Volunteers are the lifeblood of the American Heart Association.  We are constantly amazed by our volunteers' commitment to advocate for healthier lives and to help save lives through policy change.  We are pleased to spotlight Silvia Gutierrez-Raghunath as this month's volunteer extraordinaire. Her passion and enthusiasm shine bright! Read below to learn more about Silvia and her why: 

Name: Silvia Gutierrez-Raghunath

Occupation: Researcher II/Promotora de Salud

How long have you been volunteering with the American Heart Association?

8 years

Why do you advocate to build healthier lives and communities, free of heart disease and stroke?

Because I have a child and he is my motivation, and I want to see my grandchild living free of heart disease and stroke.
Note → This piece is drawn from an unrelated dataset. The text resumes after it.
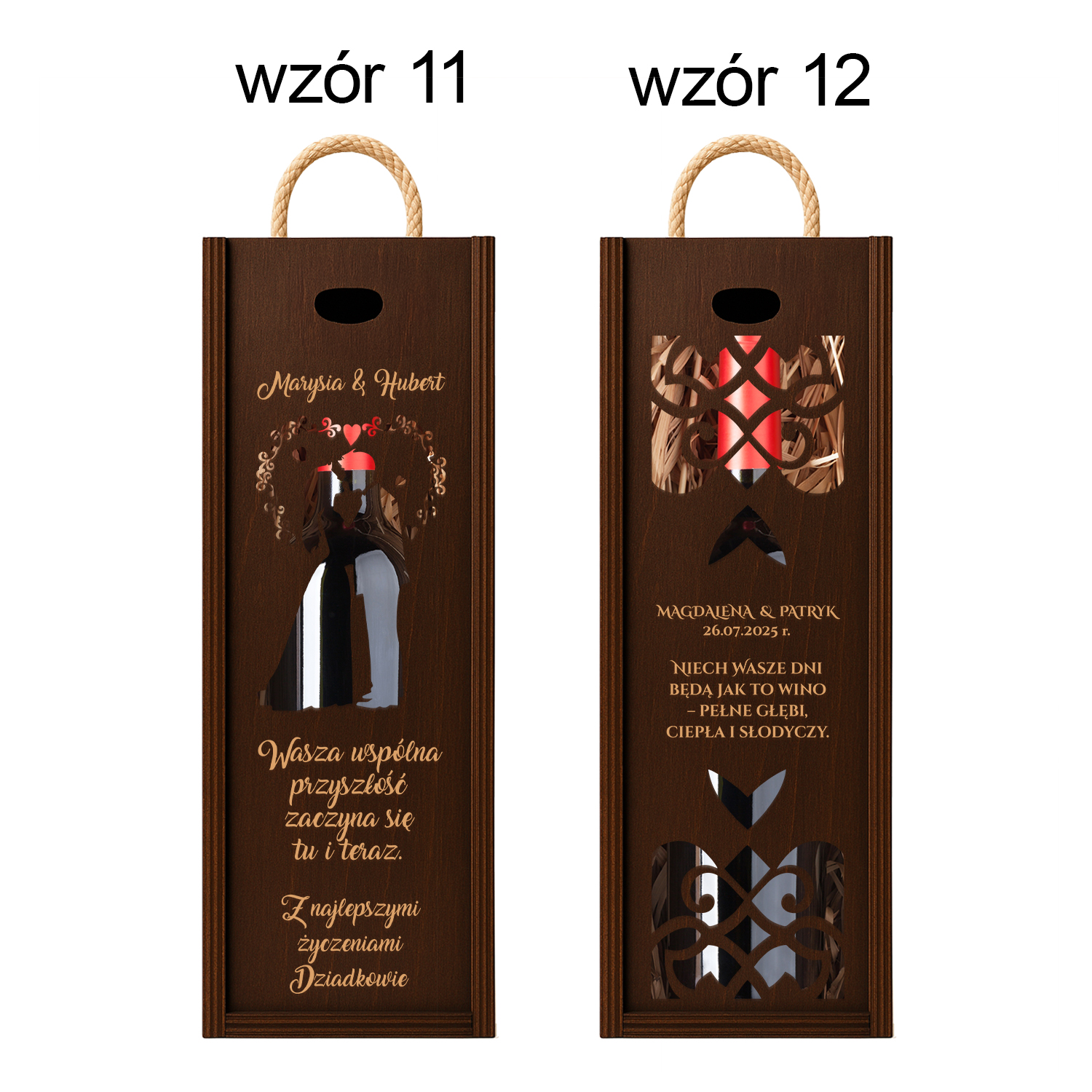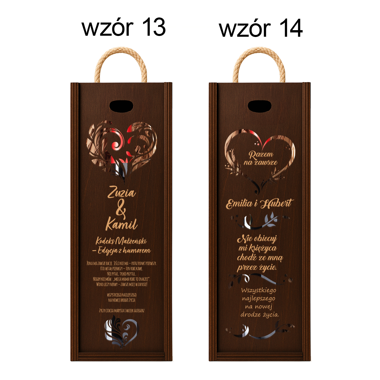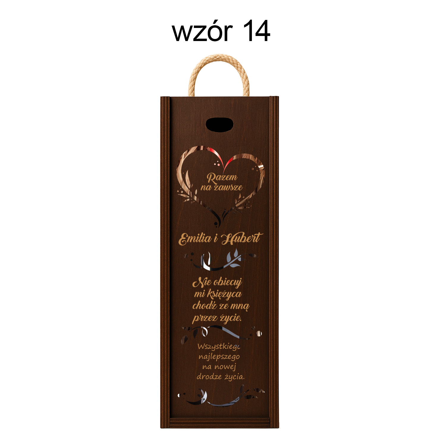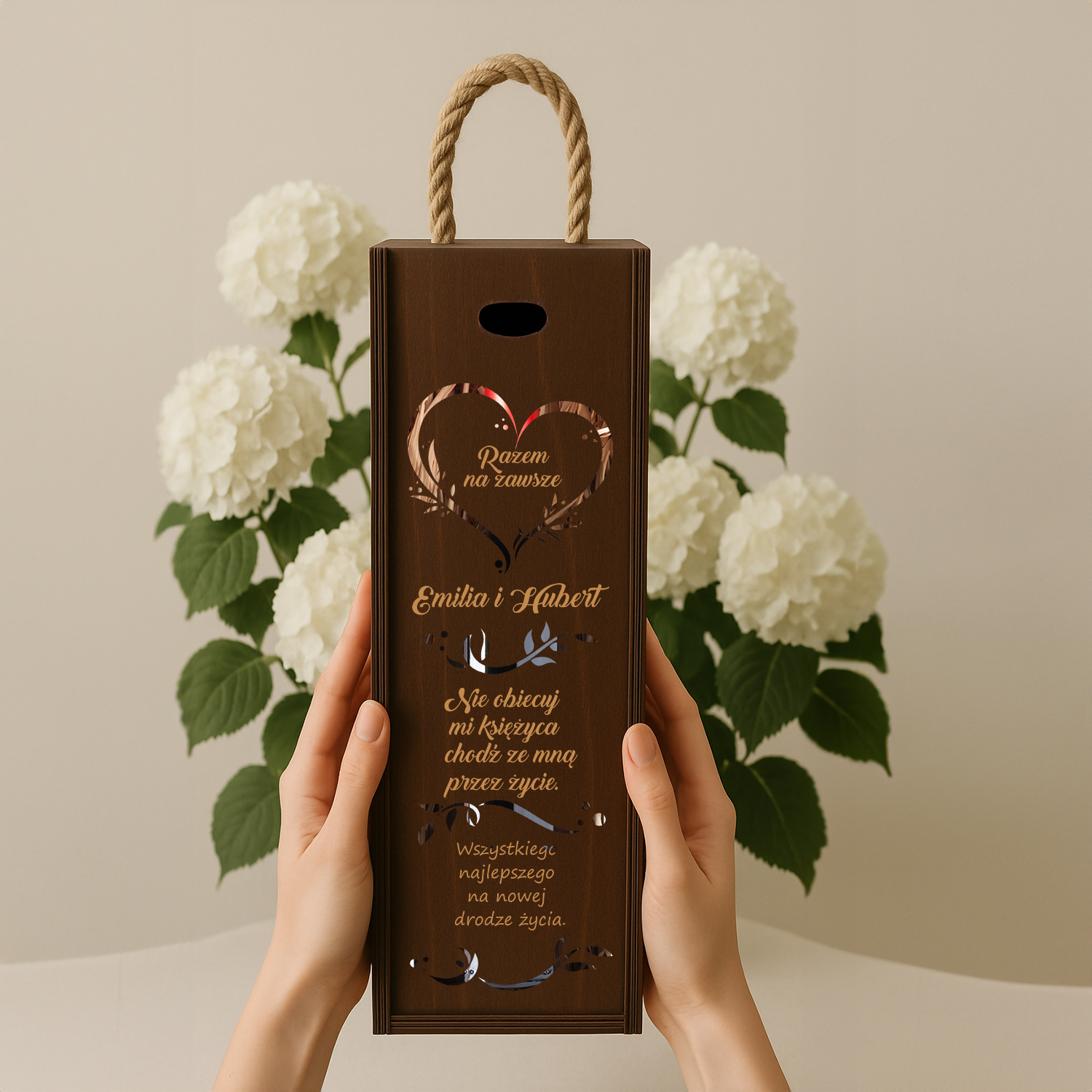 Drewniana skrzynka na wino z ażurowym sercem i grawerem „Razem na zawsze”. Personalizowany prezent ślubny z imionami i romantycznym wierszem.

Because my mother died of heart disease and my father had 4 heart attacks, because I care about my community.

What are your passions and your interests in life?

I'm passionate about making a difference and helping others. I lost my father and my mother and ever since then, I have spent time volunteering to educate others (family and community) about how we can prevent heart disease. I also love getting to know patients and survivors on a personal level. I put my heart, mind and soul into even in my smallest acts. This is my real passion!

What is your all-time favorite thing to do on your time off?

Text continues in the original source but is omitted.